À la poupée: A color inking technique for an intaglio plate perfected by the French in the late 18th century. The plate is inked in specific areas with specific colors using tiny felt daubers that look a bit like dolls. Masterful examples of this technique were produced by Redouté in Les Roses and Les Liliaceés.
Proof: An impression taking during the creation of the printing plate to check on the progress by the artist. Once the plate is deemed finished a bon`a tirer proof may be designated, (good to pull). The rest of the edition is compared to the bon à tirer for consistency. As well, artist's proofs or printers proofs may be designated as distinct from the regular edition.
State: A way scholars distinguish changes made in the printing surface. The change may be intentional (an area might be re-worked or lines may be strengthened) or unintentional if the printing plate gets scratched, nicked or otherwise damaged.
Woodcut: A relief print taken from a carved wooden printing surface. The negative areas are cut away. The block is inked with a brayer and the impression may be taken by hand by rubbing the back of the sheet to transfer the ink from the block to the paper.

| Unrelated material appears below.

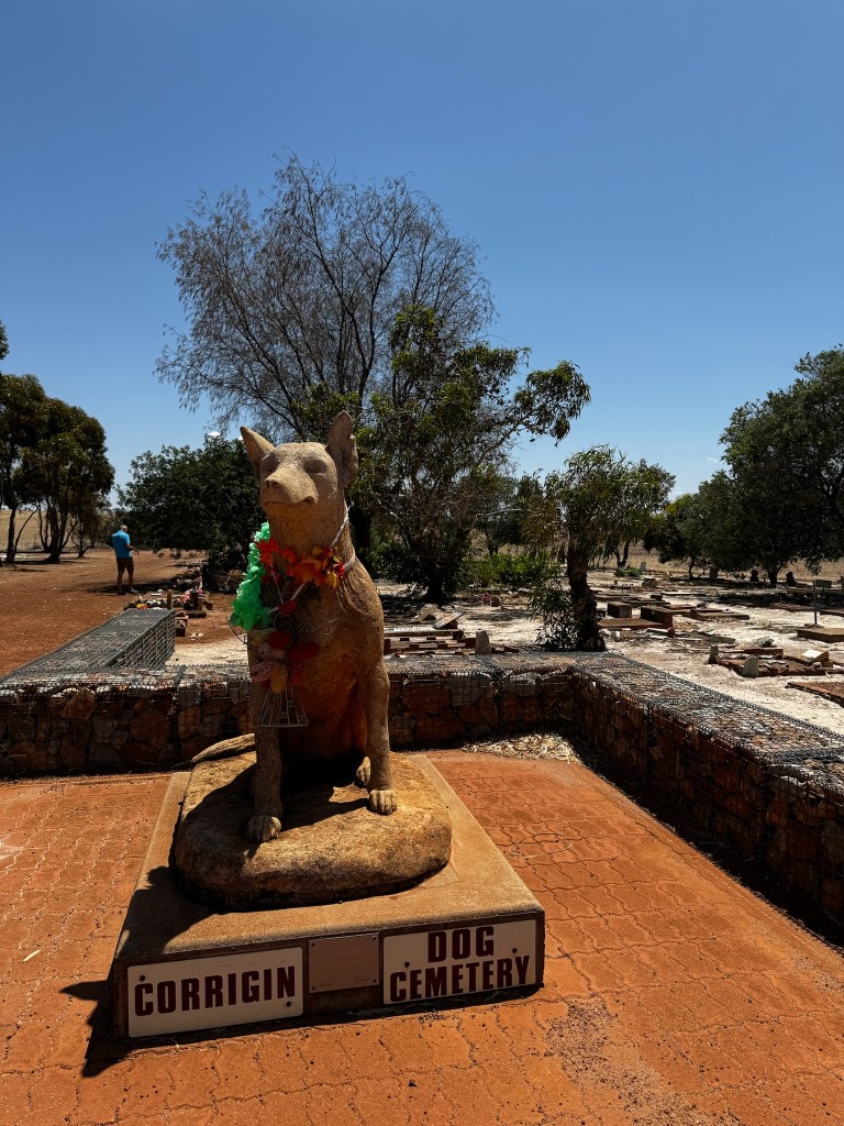 Für uns unvorstellbar, wie gross die Weizenkammer in Westaustralien ist. Heute sind wir von York via Hyden nach Narembeen rund 400 km gefahren und waren immer von derartigen Feldern umgeben. Unterwegs haben wir bei einem (kein Witz) Hundefriedhof Halt gemacht und den Wave Rock (klicken) besichtigt. Da wir frühzeitig in Narembeen angekommen und die Temperaturen mit 31 Grad und etwas Wind angenehm sind, haben wir eine Wäsche gestartet und wir gehen nach dem Trocknen in eine örtliche Bar zum Nachtessen. So muss Carole für einmal nicht kochen und ich nicht abwaschen.

Wood engraving: A relief print carved into the end grain of a block of wood whose thickness is the same height as a piece of moveable type. In 19th century publishing a pen and ink drawing was pasted onto the block and then destroyed as the engravers cut away the light areas with sharp tools leaving the dark lines in relief. This was the technique that publications like Harper's Weekly used for illustrations. Young artists could get started working as illustrators under contract for these magazines, Winslow Homer, Frederic Remington, among them.